Gli strinsi la mano e lui ricambiò con una stretta rassicurante. Anche nei suoi occhi chiari leggevo l’ansia per l’incontro.

“ok…”

Camminammo verso l’interno dell’aeroporto e dopo poco sentii la voce all’altoparlante segnalare l’arrivo del suo aereo. La presa della mano di Neji si era fatta salda, ma la sua mano non trasmetteva più un piacevole tepore, soltanto una fastidiosa stretta sudaticcia.

“dove pensi sia… è arrivato vero? È qui vero?”
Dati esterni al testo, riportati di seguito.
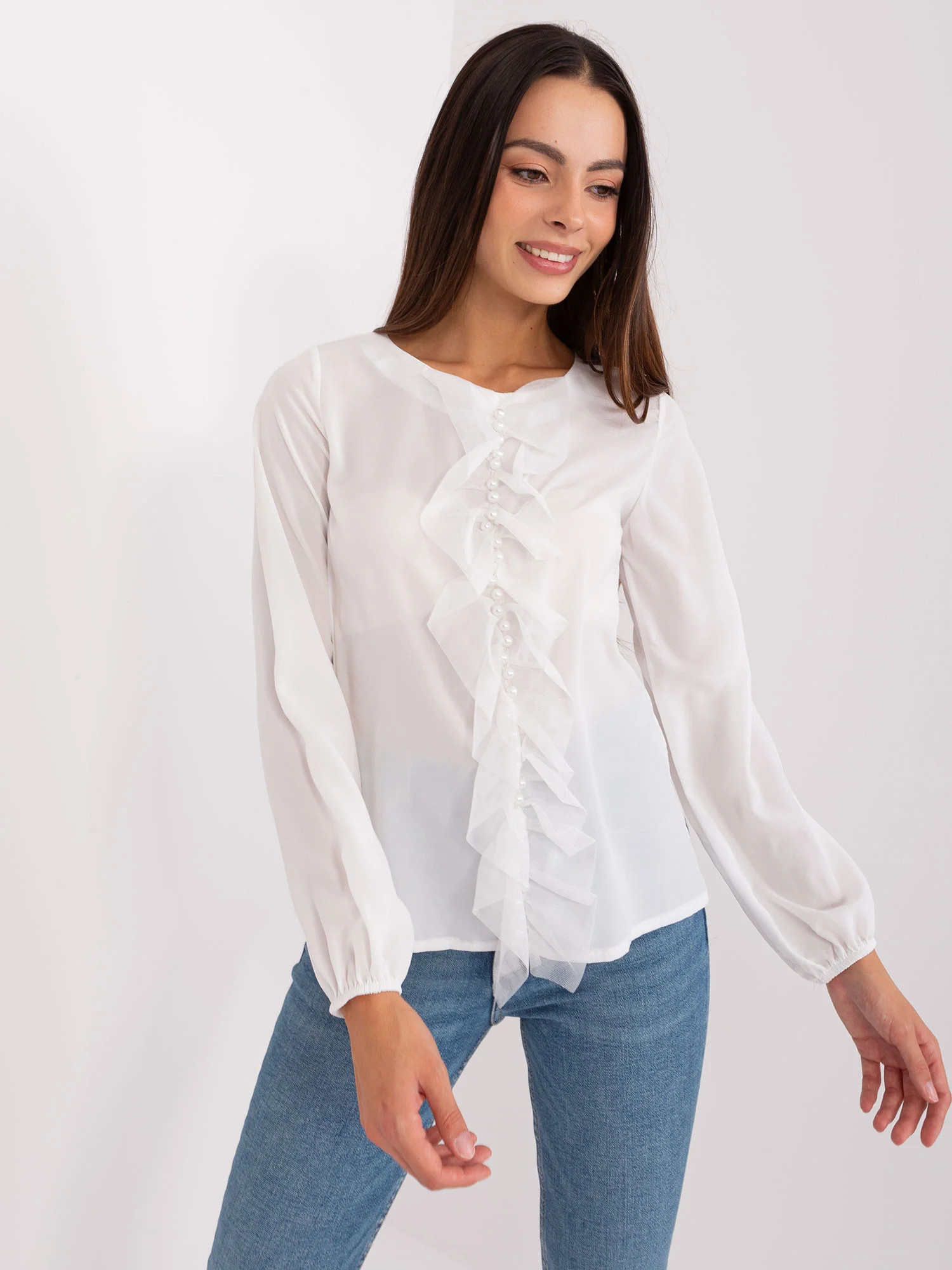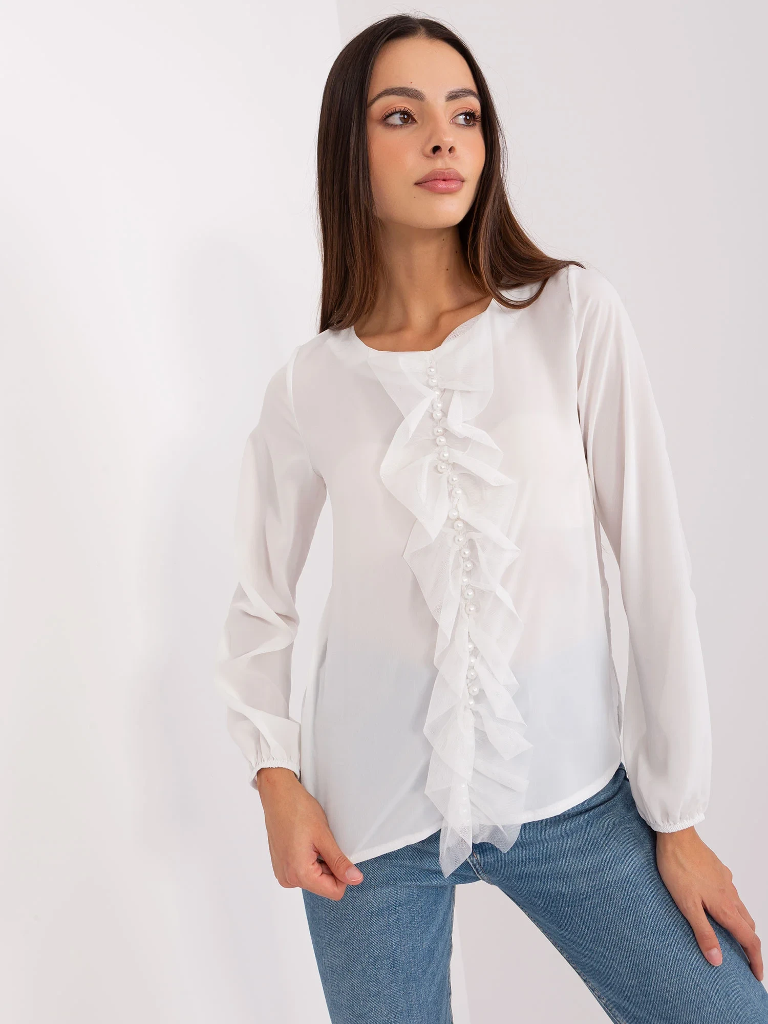 Dámská společenská halenka v barvě ecru s aplikací .
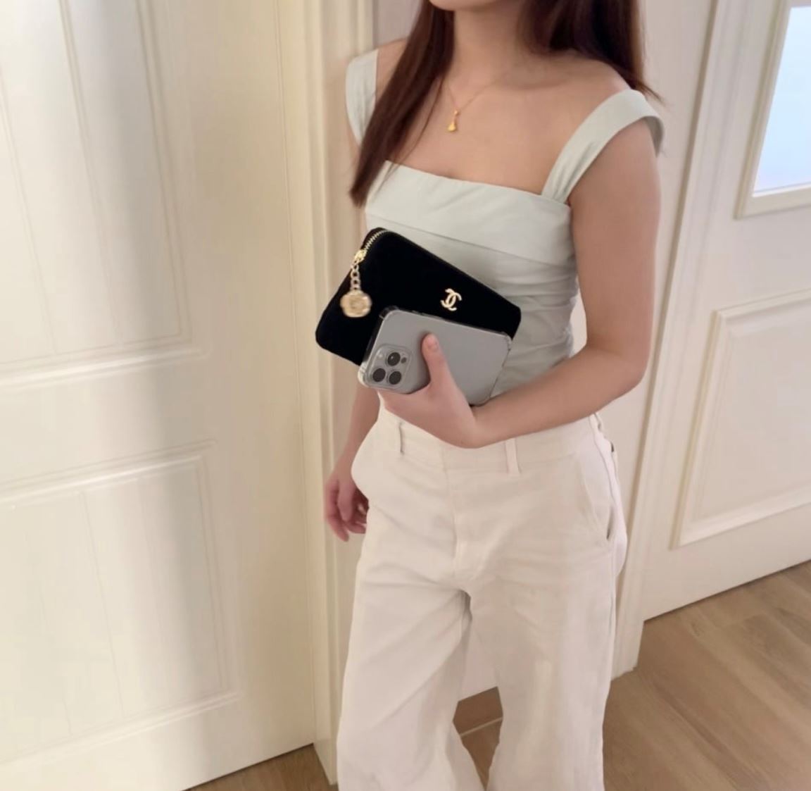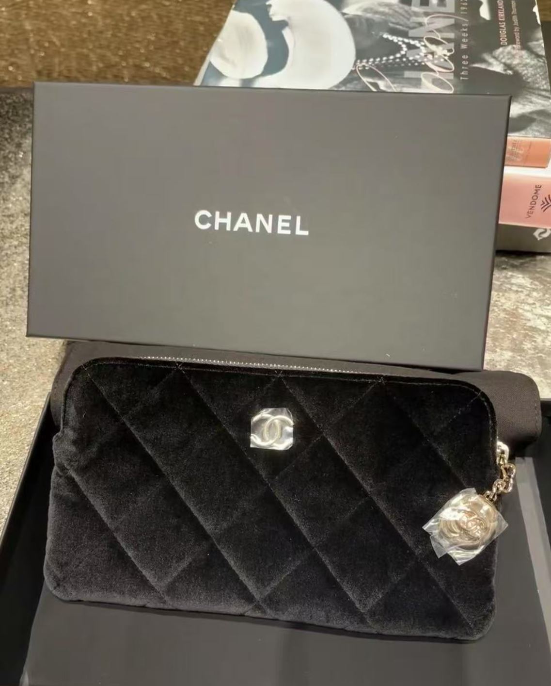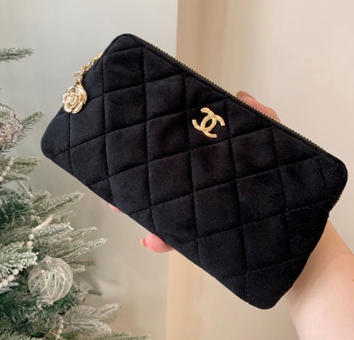샤넬 노벨티 까멜리아 벨벳 클러치 장지갑
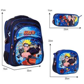 Kit Mochila Escolar Infantil Naruto, acompanha lancheira e estojo. Possui alça de mão reforçada. Agora você pode levar sua mochila no seu dia a dia ou acompanhar você na escola. Sua abertura maior se dá por zíper com puxador. Na parte de dentro possui amplo espaço para a guardar diversos materiais como cadernos, livros e estojos. Na parte da frente, possui bolso com zíper para a guardar pertences de menor tamanho e bolsos laterais.
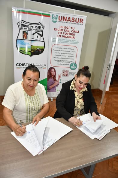 La municipalidad de San Ignacio Guazú, administración de la Lic. Cristina Ayala al concluir este año 20 25 concretó nuevamente la firma de convenio de cooperación interinstitucional con la Universidad Autónoma del Sur (Unasur).
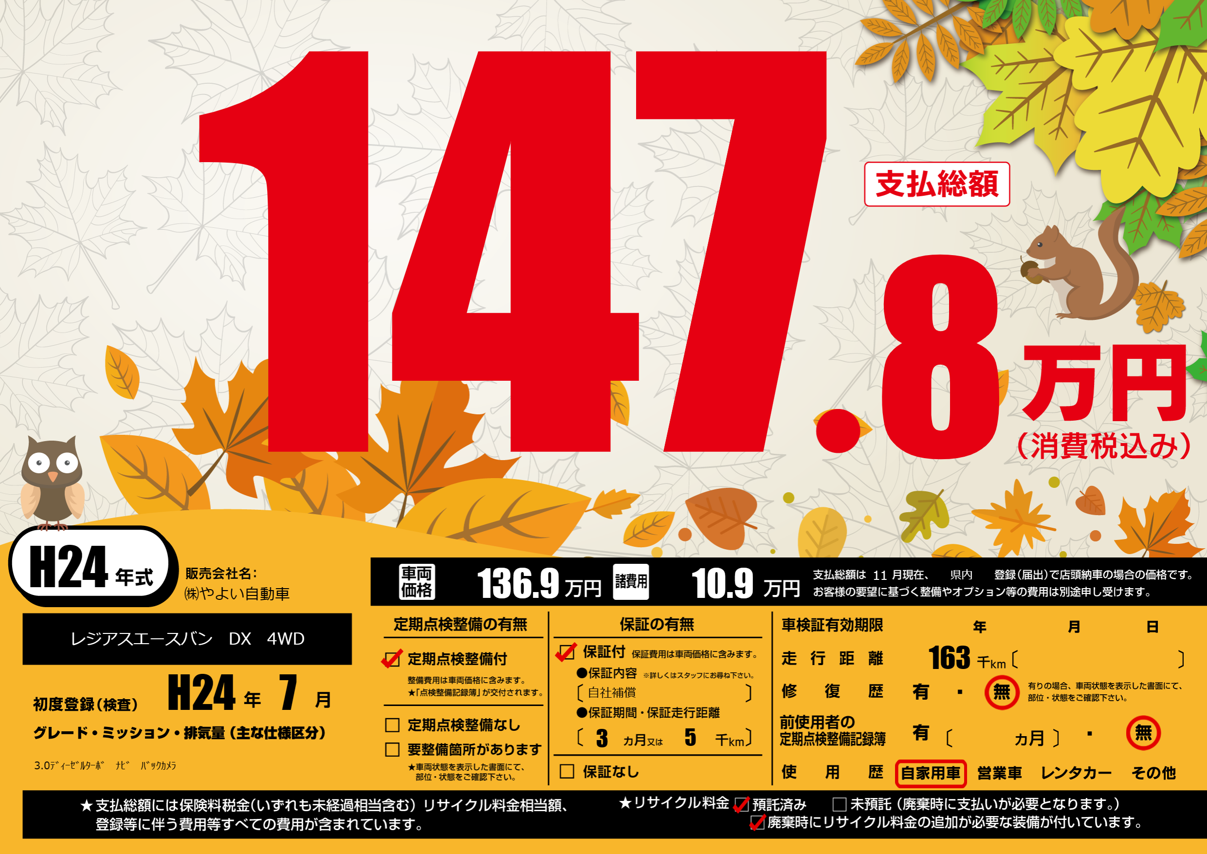 | 走行キロ | 16.3万km | 初年度登録 | H24年7月 |

Guardai Neji con terrore per poi continuare a muovermi a scatti come una pazza, in mezzo alla folla che passava con le valigie e spingeva per passare. Sentivo una morsa allo stomaco e un dejà vu  tornarmi alla memoria.

Non era la prima volta che lo aspettavamo lì.
E non era la prima volta che tornavamo a casa senza di lui.

La prima volta ci aveva detto che l’aereo aveva avuto dei problemi con un attentato alla stazione di controllo.
La seconda era dovuto rimanere al campo per accertarsi che una famiglia sotto la sua guida e protezione non subisse attacchi esterni visto che i componenti erano tutti di sesso femminile.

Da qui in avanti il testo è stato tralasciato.